> [Work item]: Using the entries below, copy exactly each line from the line with "Hit the surf" up to and including the line with "电商:京东,天猫,苏宁,均表", with every picture left out.

> [Information]:
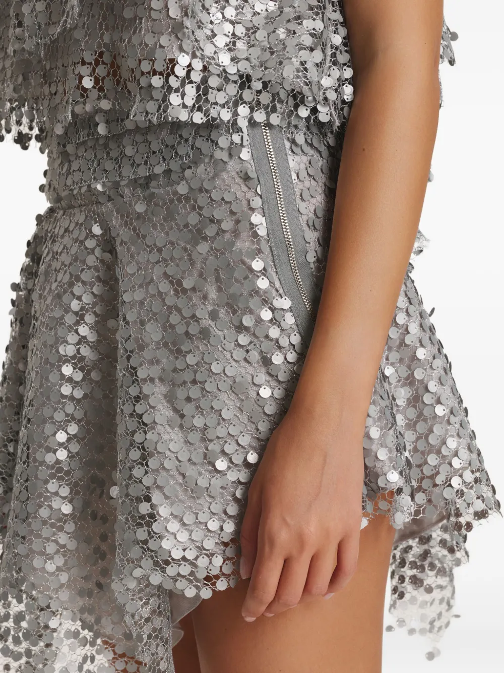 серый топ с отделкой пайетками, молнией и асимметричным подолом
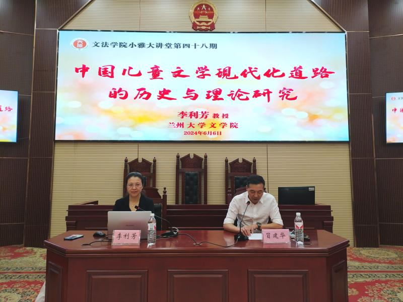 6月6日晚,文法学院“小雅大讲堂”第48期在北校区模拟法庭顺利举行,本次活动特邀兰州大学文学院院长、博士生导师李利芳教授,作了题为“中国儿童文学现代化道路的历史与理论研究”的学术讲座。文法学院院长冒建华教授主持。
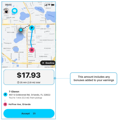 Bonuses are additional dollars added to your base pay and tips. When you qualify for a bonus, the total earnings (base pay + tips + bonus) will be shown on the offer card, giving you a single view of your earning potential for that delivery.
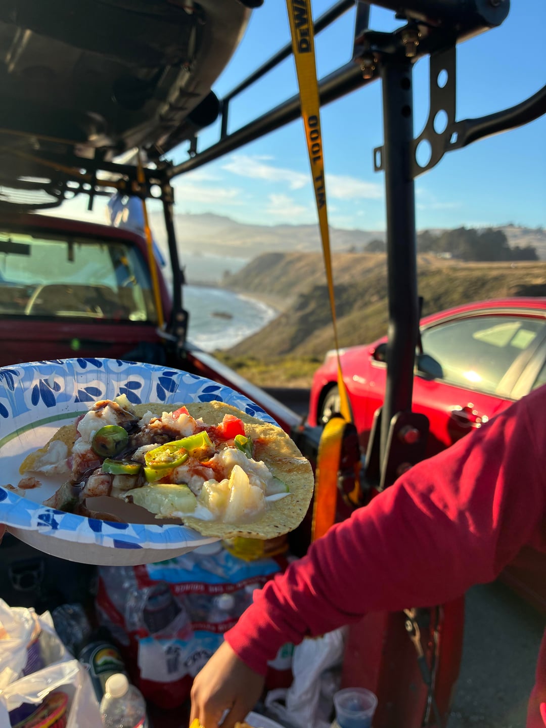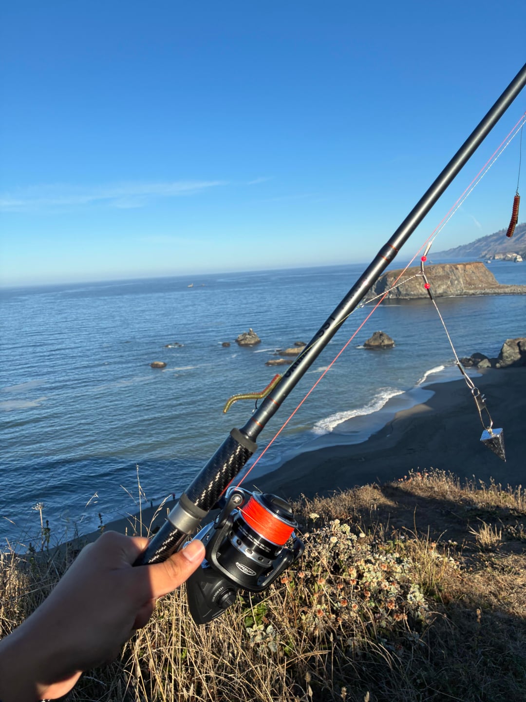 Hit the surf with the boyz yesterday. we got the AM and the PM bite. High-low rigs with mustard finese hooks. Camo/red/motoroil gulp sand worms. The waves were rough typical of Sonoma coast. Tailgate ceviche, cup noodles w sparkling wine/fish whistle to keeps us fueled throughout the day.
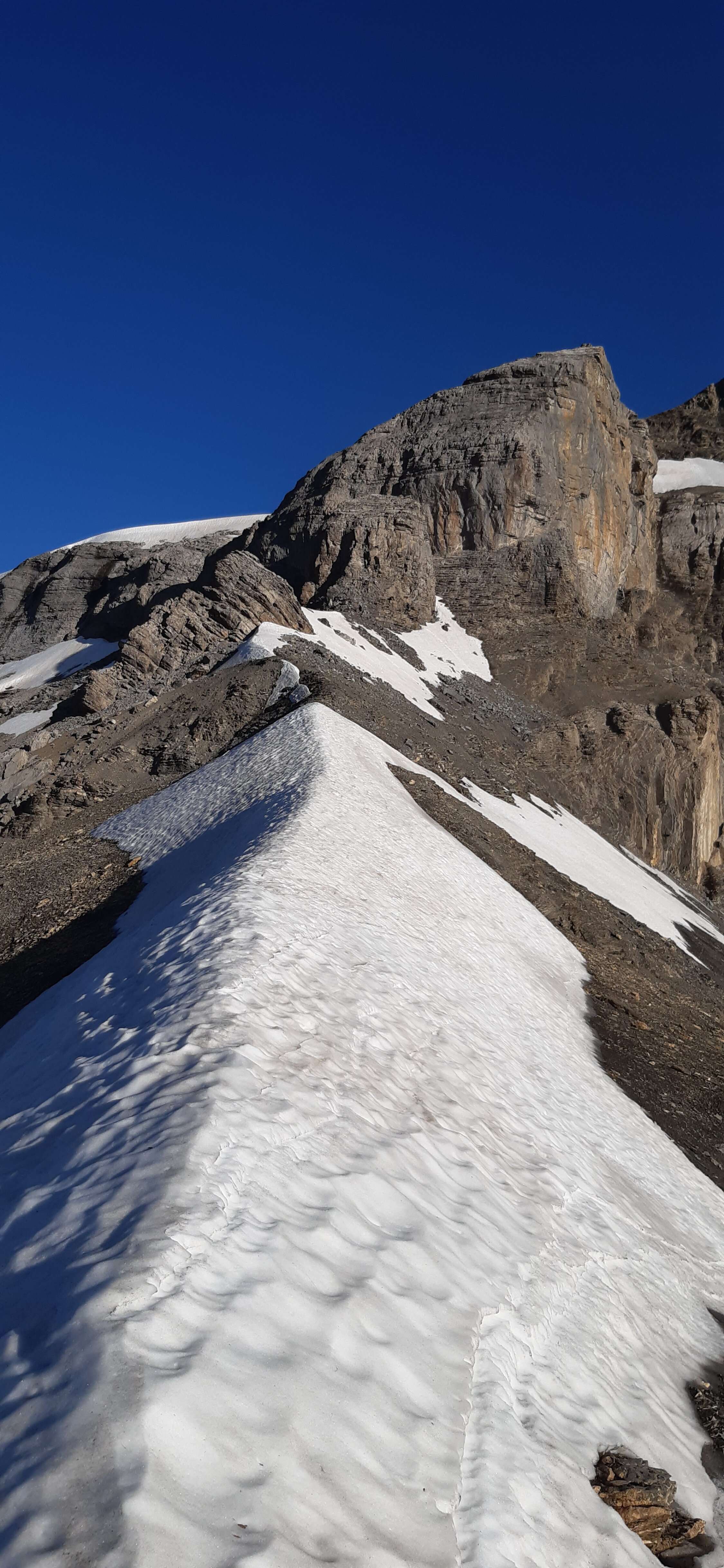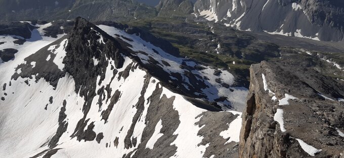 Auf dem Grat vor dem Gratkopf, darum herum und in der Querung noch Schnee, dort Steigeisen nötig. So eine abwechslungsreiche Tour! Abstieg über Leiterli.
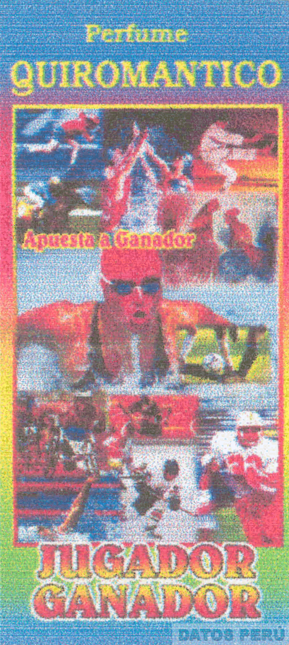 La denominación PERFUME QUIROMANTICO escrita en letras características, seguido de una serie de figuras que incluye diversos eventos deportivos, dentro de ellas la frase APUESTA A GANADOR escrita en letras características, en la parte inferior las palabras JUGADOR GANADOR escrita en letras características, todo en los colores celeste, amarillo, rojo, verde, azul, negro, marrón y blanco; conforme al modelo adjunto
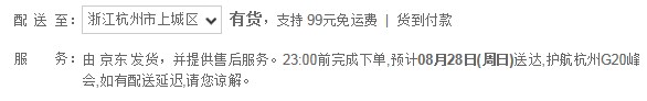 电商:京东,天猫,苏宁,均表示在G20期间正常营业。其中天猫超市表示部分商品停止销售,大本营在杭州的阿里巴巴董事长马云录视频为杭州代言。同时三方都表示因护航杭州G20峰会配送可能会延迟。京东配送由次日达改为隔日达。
...
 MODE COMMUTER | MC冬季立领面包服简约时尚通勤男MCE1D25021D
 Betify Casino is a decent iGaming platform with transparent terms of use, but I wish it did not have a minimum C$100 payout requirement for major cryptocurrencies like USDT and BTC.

> [Exercise output]:
 Hit the surf with the boyz yesterday. we got the AM and the PM bite. High-low rigs with mustard finese hooks. Camo/red/motoroil gulp sand worms. The waves were rough typical of Sonoma coast. Tailgate ceviche, cup noodles w sparkling wine/fish whistle to keeps us fueled throughout the day.
 Auf dem Grat vor dem Gratkopf, darum herum und in der Querung noch Schnee, dort Steigeisen nötig. So eine abwechslungsreiche Tour! Abstieg über Leiterli.
 La denominación PERFUME QUIROMANTICO escrita en letras características, seguido de una serie de figuras que incluye diversos eventos deportivos, dentro de ellas la frase APUESTA A GANADOR escrita en letras características, en la parte inferior las palabras JUGADOR GANADOR escrita en letras características, todo en los colores celeste, amarillo, rojo, verde, azul, negro, marrón y blanco; conforme al modelo adjunto
 电商:京东,天猫,苏宁,均表示在G20期间正常营业。其中天猫超市表示部分商品停止销售,大本营在杭州的阿里巴巴董事长马云录视频为杭州代言。同时三方都表示因护航杭州G20峰会配送可能会延迟。京东配送由次日达改为隔日达。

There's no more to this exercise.